In any event, it was at the seventh house that Kali
found the answer he was dreading. Yes, five days back
Archie had been out in the field experimenting with a new
astronomical catapult, and from that testing he had just
returned. The experiment had been a failure because
something large and lumbering had gotten in the way at
the last moment. The large and lumbering something
sounded to Kali suspiciously dragonlike. When he
proposed this theory, Archie did admit that the lumbering
something was more than a little reptilian in appearance.

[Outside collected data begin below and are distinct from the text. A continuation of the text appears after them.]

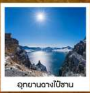
อุทยานดางไป่ชาน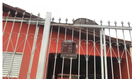
Representação Identificação Numérica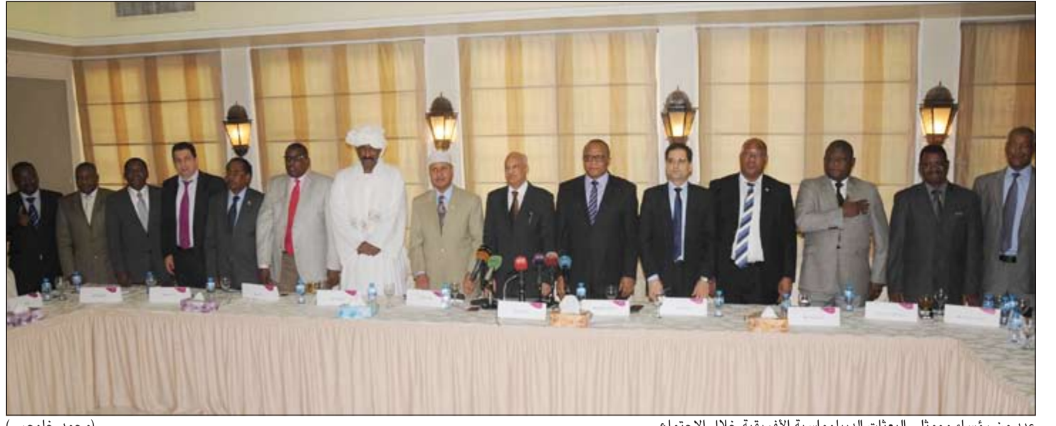
عدد من رؤساء وممثلي البعثات الدبلوماسية الأفريقية خلال الاجتماع

Further, it made a sudden and steep dive after it flew into
his rock. Kali took tea and made small conversation for
the rest of the afternoon, adjuring Archie not to mention
the details of this experiment to the new outsiders – Oster
and the warrior-woman. Archie promised and also said he
would be by later to surrender when he had finished his
journal.
Kali, having resolved the first problem, now turned to
the second. The warrior-woman was a Dragon Highlord
(whatever that was), and had taken Oster as a prisoner – in
a mean fashion at that. The Highlord’s armor, which Kali
had hidden in a back room, apparently had concealed the
fact that she was a woman. Oster was now smitten (as
only humans can be smitten) with her in her true
appearance. When the woman awakened again, Kali
figured, she would probably be mean to Oster again.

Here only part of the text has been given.